THE TASK => Your output should be exactly the lines from the one containing "скрыты под слюдой." through the final line of the following data, please, with no pictures.

DATA FOR THE TASK =>
Segment Open

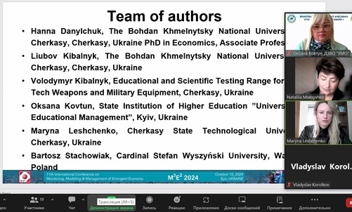 Оксана КОВТУН також взяла участь у роботі секції 2 із співдоповіддю із представниками The Bohdan Khmelnytsky Cherkasy National University, Educational and Scientific Testing Range for High-Tech Weapons and Military Equipment, Cherkasy State Technological University, Cardinal Stefan Wyszyński University (Poland) за темою: «Analysis and Modeling of Macroeconomic Indicators of National Economies in the Context of the Russian-Ukrainian War».
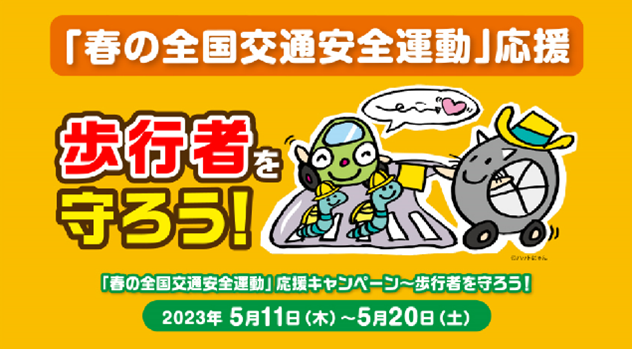 2023年の内閣府推進「春の全国交通安全運動」の重点項目のひとつである「こどもを始めとする歩行者の安全の確保」に協力するため、「歩行者を守ろう!」キャンペーンを実施しました。
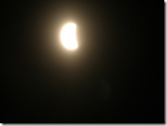 But last night the Eclipse of the Moon started here at 9:50 P.M. and reached 100% about 10:20 P.M. There were a few wispy clouds but all in all a good show.
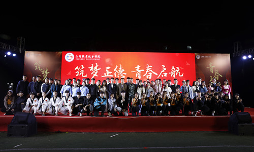 10月27日晚,天博体育 在田径场举办“筑梦正德 青春启航”2020年迎新文艺晚会。副院长赵湘莲、任慈与近3000名师生共同观看了本场演出。
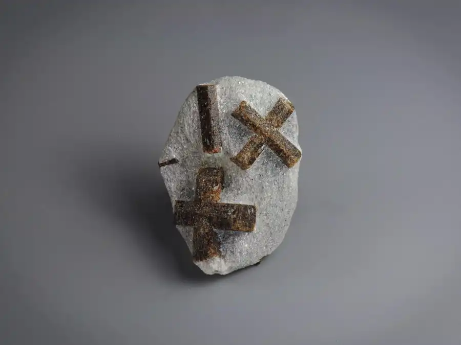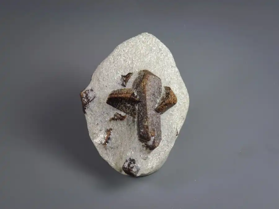Ставролит "косой крест" после обработки. Каждый добытый образец требует ручной препарации в мастерской, ведь кристаллы частично скрыты под слюдой.
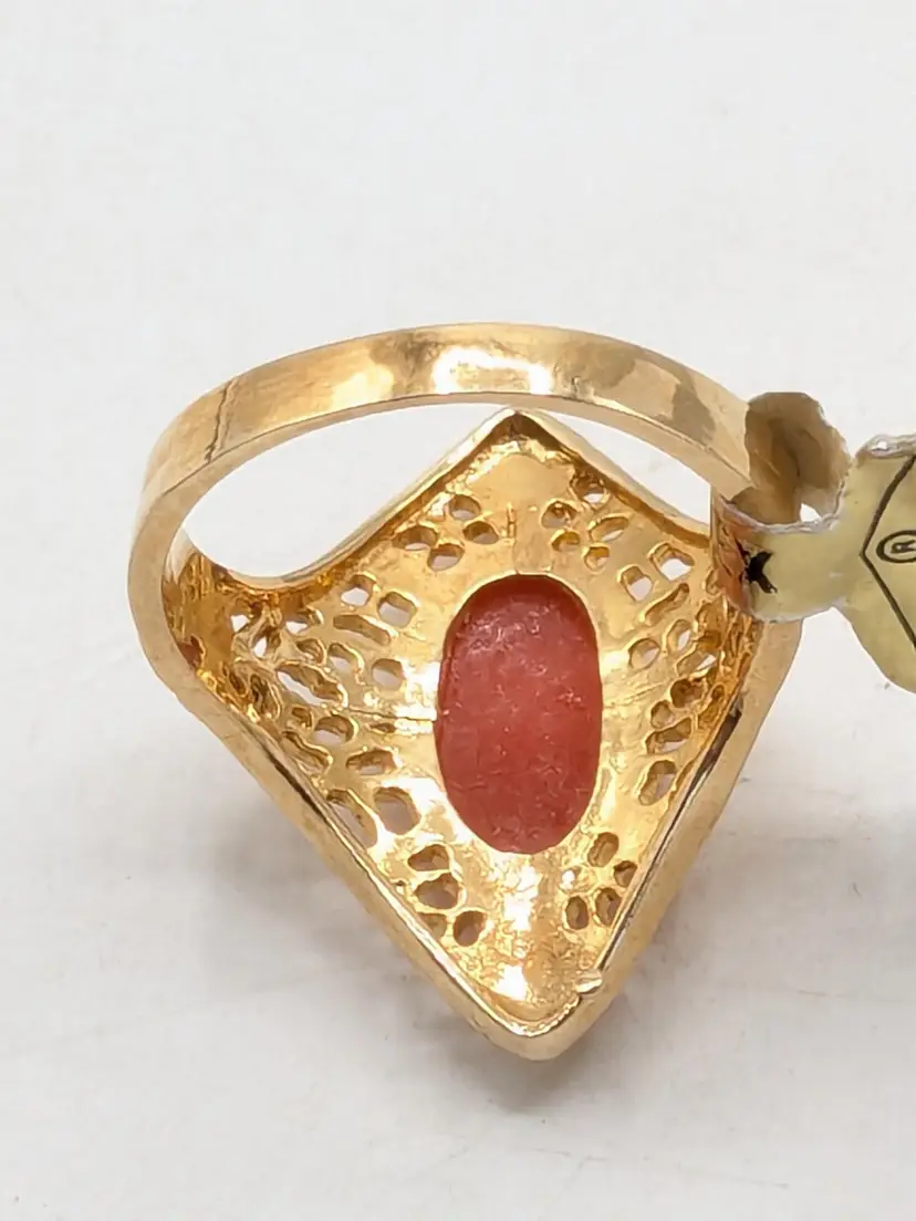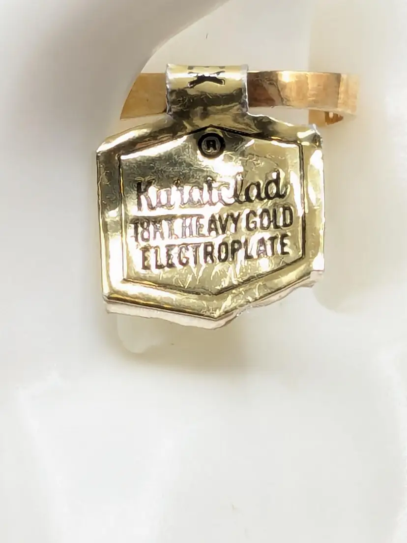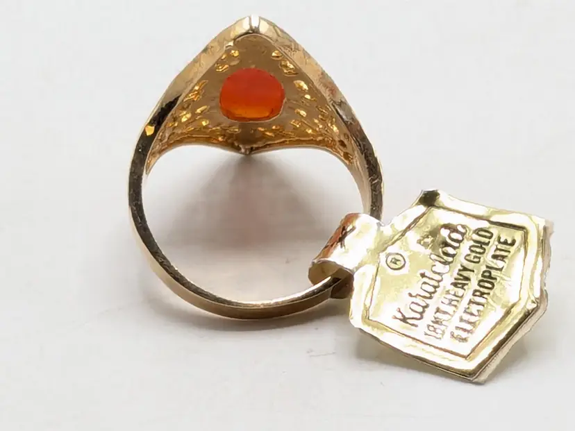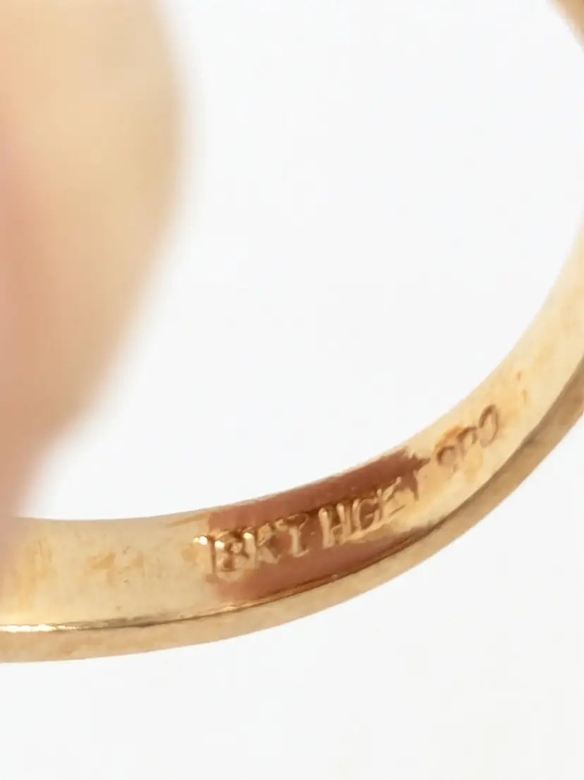 Good condition. New old stock. Features a classic cameo design with an intricate filigree setting. Ring is marked 18KT HGE ESPO. Size 9. (EN1)
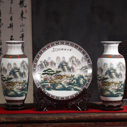 Big spring scenery ceramic vase three-piece set made in china
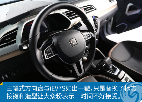内饰方面,采用了类似江淮iEV7的整体布局,内饰颇具时尚气息,内饰颜色搭配很年轻化国际化,多重配色看起来没有一丝的不协调。不过在材质方面就差强人意了,硬质塑料覆盖了绝大多数的中控台面积。换挡采用了传统造型的换挡杆,设计上更加“大众”化。据悉,新车将配备无钥匙进入、一键启动、8寸中控触屏、高清7寸液晶组合仪表、360度泊车辅助、盲点监控、4G无线网络连接、充电口盖一键开启、语音控制系统和远程遥控及智能净化系统等。

Segment Closed

ANSWER TO THE EXERCISE =>
Ставролит "косой крест" после обработки. Каждый добытый образец требует ручной препарации в мастерской, ведь кристаллы частично скрыты под слюдой.
 Good condition. New old stock. Features a classic cameo design with an intricate filigree setting. Ring is marked 18KT HGE ESPO. Size 9. (EN1)
 Big spring scenery ceramic vase three-piece set made in china
内饰方面,采用了类似江淮iEV7的整体布局,内饰颇具时尚气息,内饰颜色搭配很年轻化国际化,多重配色看起来没有一丝的不协调。不过在材质方面就差强人意了,硬质塑料覆盖了绝大多数的中控台面积。换挡采用了传统造型的换挡杆,设计上更加“大众”化。据悉,新车将配备无钥匙进入、一键启动、8寸中控触屏、高清7寸液晶组合仪表、360度泊车辅助、盲点监控、4G无线网络连接、充电口盖一键开启、语音控制系统和远程遥控及智能净化系统等。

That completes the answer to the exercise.